**WORK ITEM:** Each line below must be transcribed exactly, and no picture may appear in the transcription.

**DATA EXTRACT:**

━━━━━━━━━━

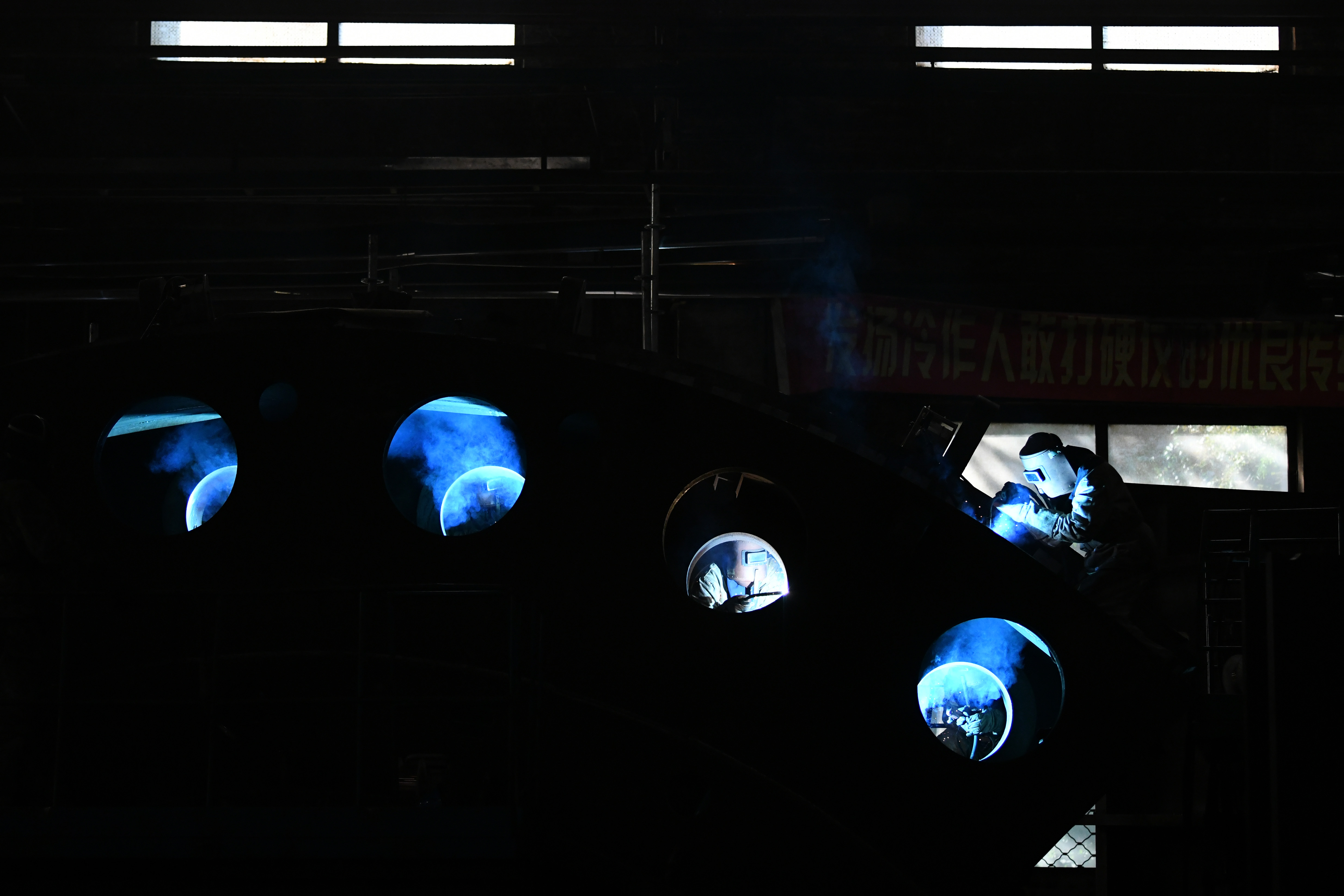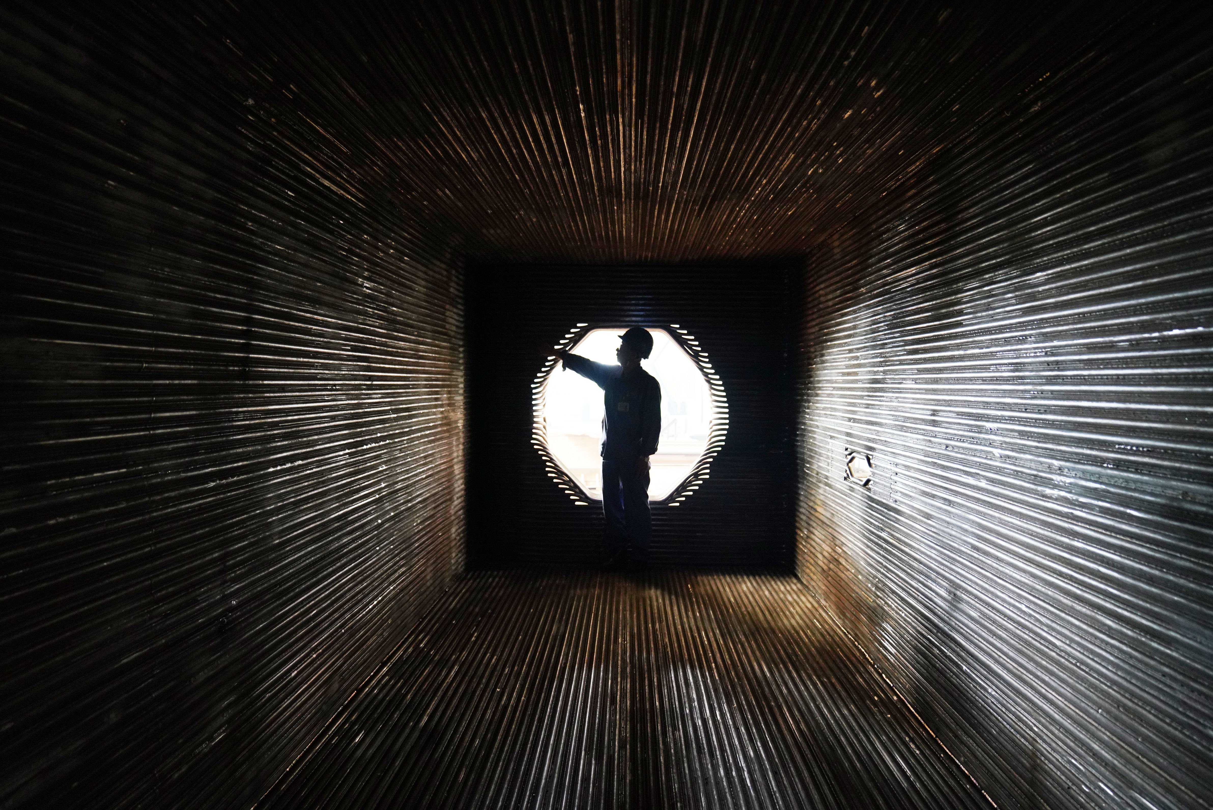 ↑在哈電集團哈爾濱鍋爐廠有限責任公司廠房內(nèi),工人在進行生產(chǎn)作業(yè)(9月4日攝)。
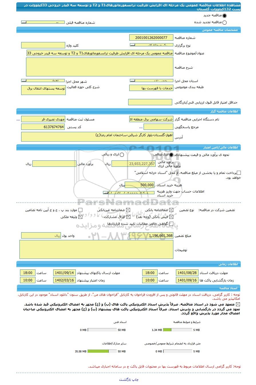 | مبلغ تضمین | 1,196,661,368 | واحد پول | ریال |
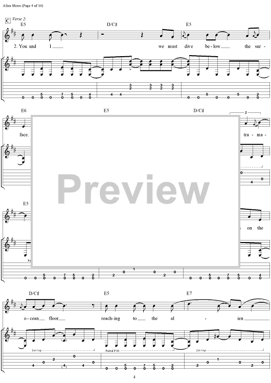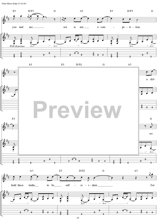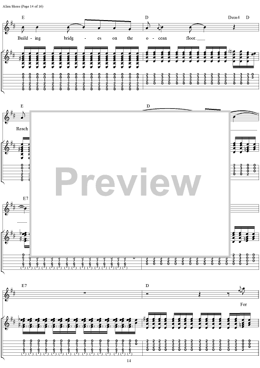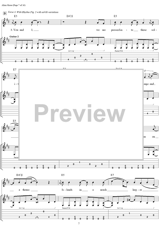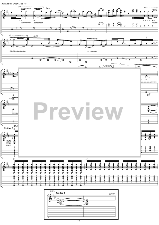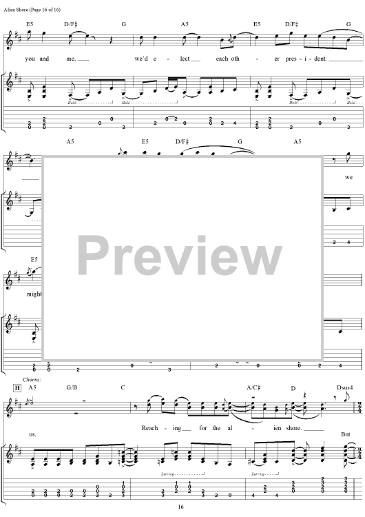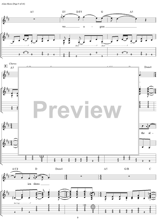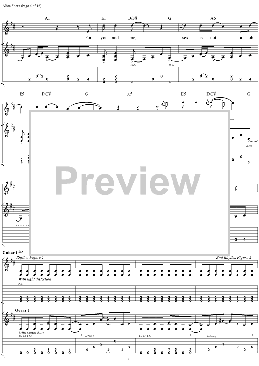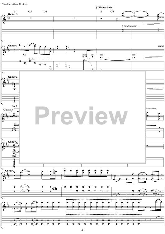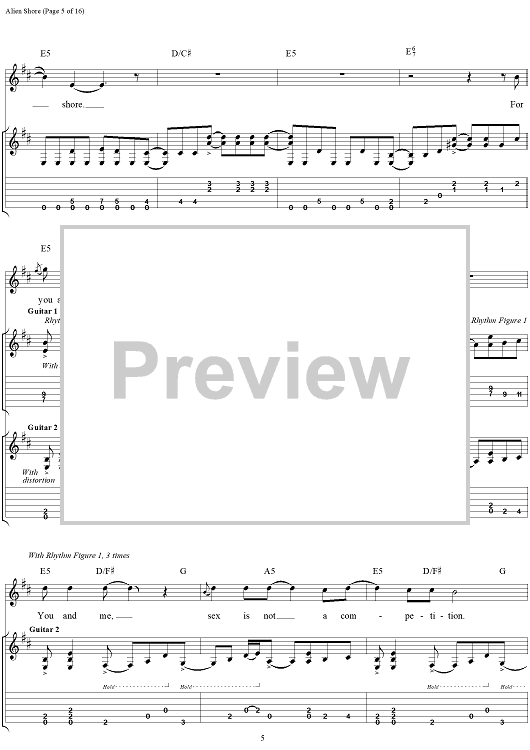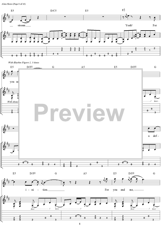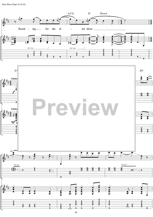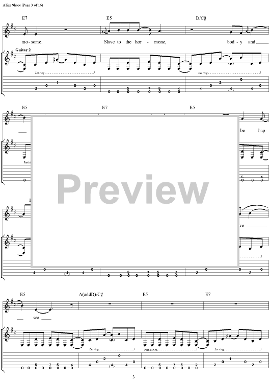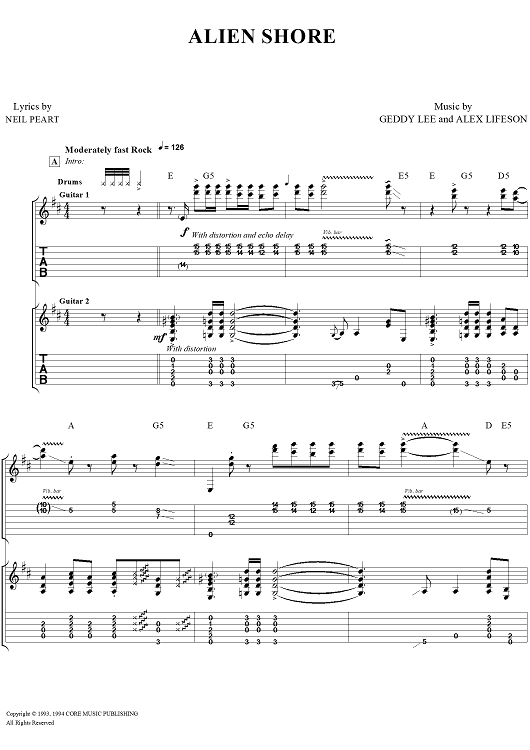 Digital Sheet Music for Alien Shore by Rush, Geddy Lee, Alex Lifeson, Neil Peart scored for Guitar Tab/Vocal; id:111344

━━━━━━━━━━

**RESPONSE AREA:**
 ↑在哈電集團哈爾濱鍋爐廠有限責任公司廠房內(nèi),工人在進行生產(chǎn)作業(yè)(9月4日攝)。
 | مبلغ تضمین | 1,196,661,368 | واحد پول | ریال |
 Digital Sheet Music for Alien Shore by Rush, Geddy Lee, Alex Lifeson, Neil Peart scored for Guitar Tab/Vocal; id:111344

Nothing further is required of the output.